Sunday, July 26, 2015

Cruise - Itinerary & Borders

One of our children invited us to join them on a cruise fro Seattle to Alaska. 
What a fantastic experience this was!
It was wonderful to start a vacation with a 20 minute cab ride, get on the ship and not have to pack and unpack for a week - and to have meal preparation and cleanup taken care of. This was our first cruise. It was a nice way to travel. To do it with family made it even more wonderful.


Before the cruise I took out an old-fashioned paper map to look more carefully at Alaska. I've enjoyed map reading from my early years. The maps that came with National Geographic were fascinating to me. I realized we'd be cruising in Alaska's panhandle and not in the larger part of Alaska, nearer where Joe was stationed on Kodiak Island, Alaska when he was in the Navy. I realized I'd never thought about why most of Canada's western border stopped short of the Pacific Ocean and how that narrow strip of land was part of Alaska and later the United States and not Canada.

How did that panhandle end up with Alaska and not Canada? It can be traced back to 1821 when a fur trading business called Russian-American Company, with a charter from the czar, claimed ownership of the land along the Alaskan coast north of the 55th parallel.
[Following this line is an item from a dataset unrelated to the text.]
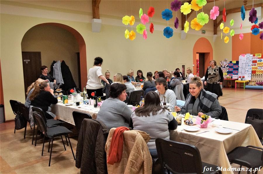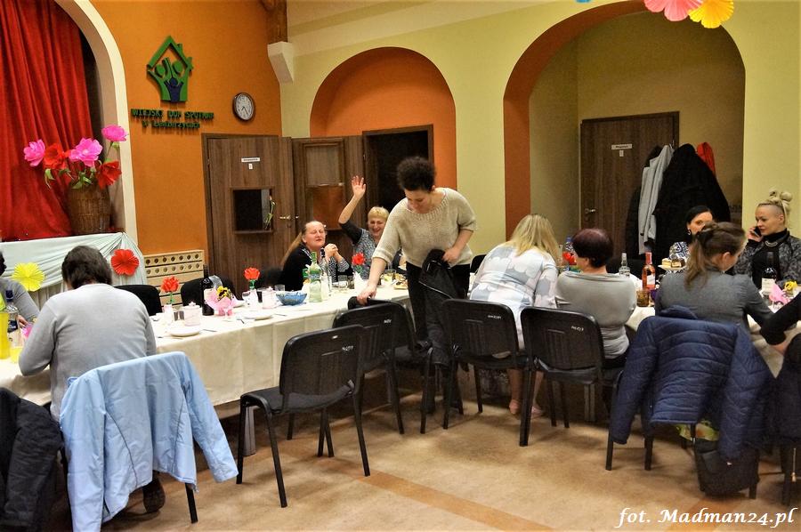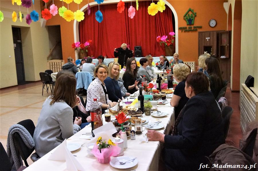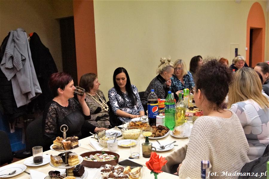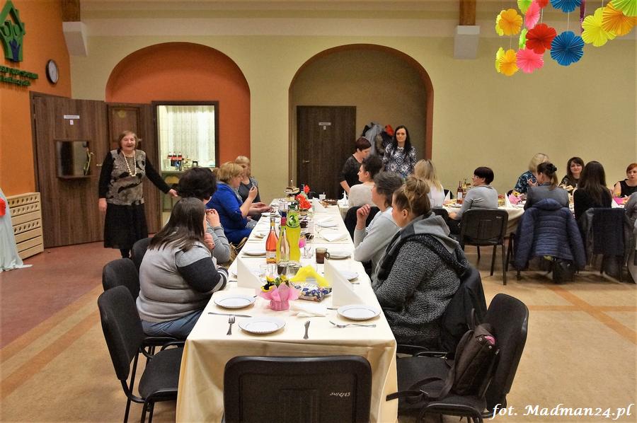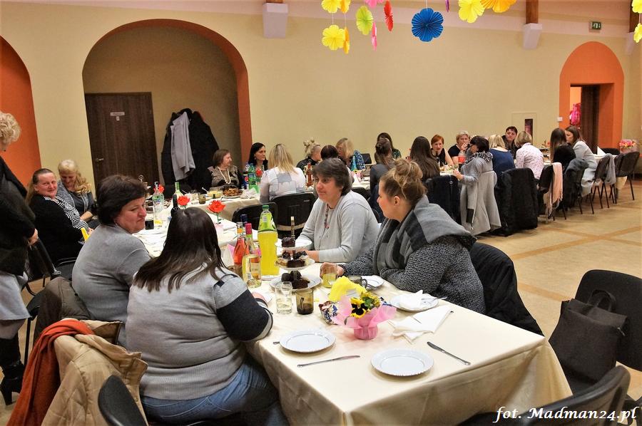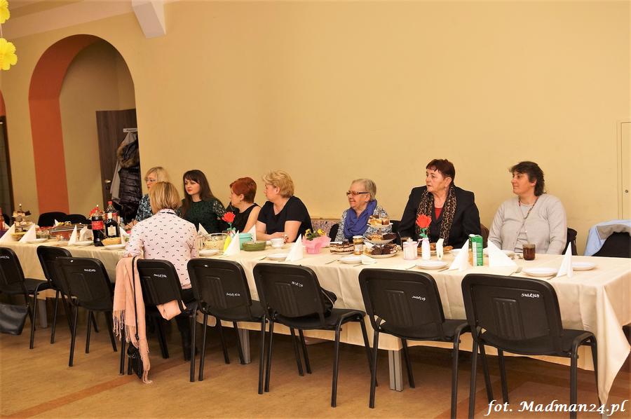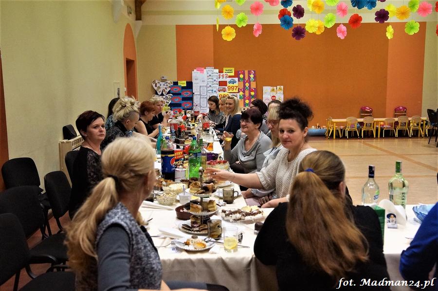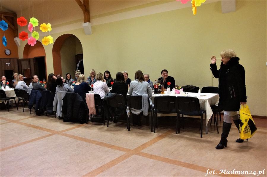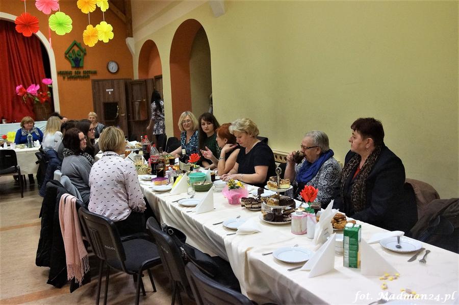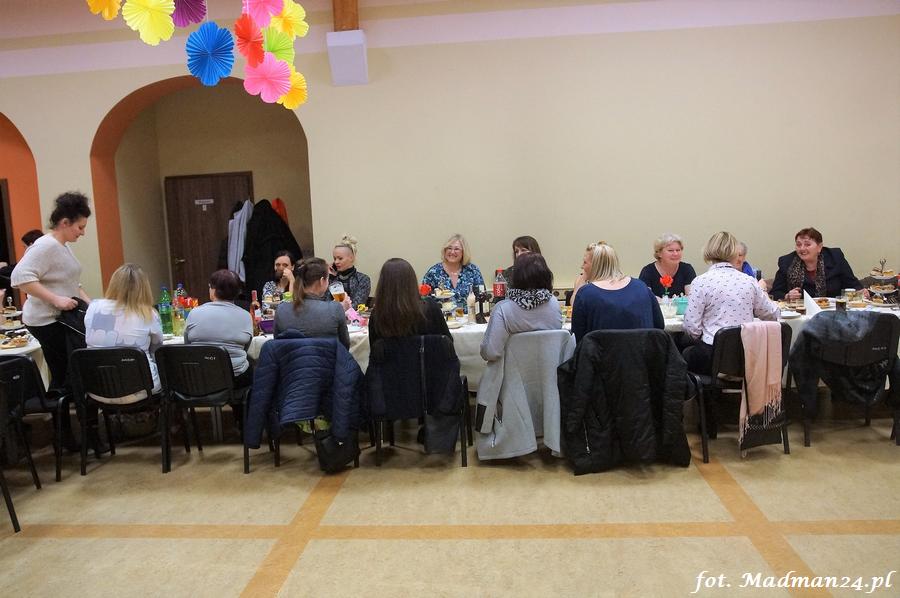 W sobotę 11 marca w świetlicy obchodzona trochę spóźniony Dzień Kobiet. Ponieważ w tym dniu był także Dzień Sołtysa, więc wszystko zaczęło się od wręczenia kwiatów dla p. Leokadii Dębskiej. Odśpiewano także tradycyjne 100 lat. Później zaczęto już świętować w kobiecym gronie, ale z jednym rodzynkiem w tym sympatycznym towarzystwie. Czułem się jak w raju, tylko Ew było więcej…

That mean the Russians' claim went all the way down to Vancouver, Canada which was an important British port. The US and Britain teamed up to protect Britain's access to Vancouver. Russia gave up claim to a large tract of land south of the 60th parallel (now the southern border of Alaska) with the exception of the panhandle area. This gave Russia the strip of land between the ocean and the western mountains. The area contained safe harbors for Russia's ships and fishing boats. When the United States bought Alaska, the States claimed all the land shown on Russian maps. Establishing the eastern border of the panhandle became a matter for negotiations between Canada and the United States in 1903. Read more here and here.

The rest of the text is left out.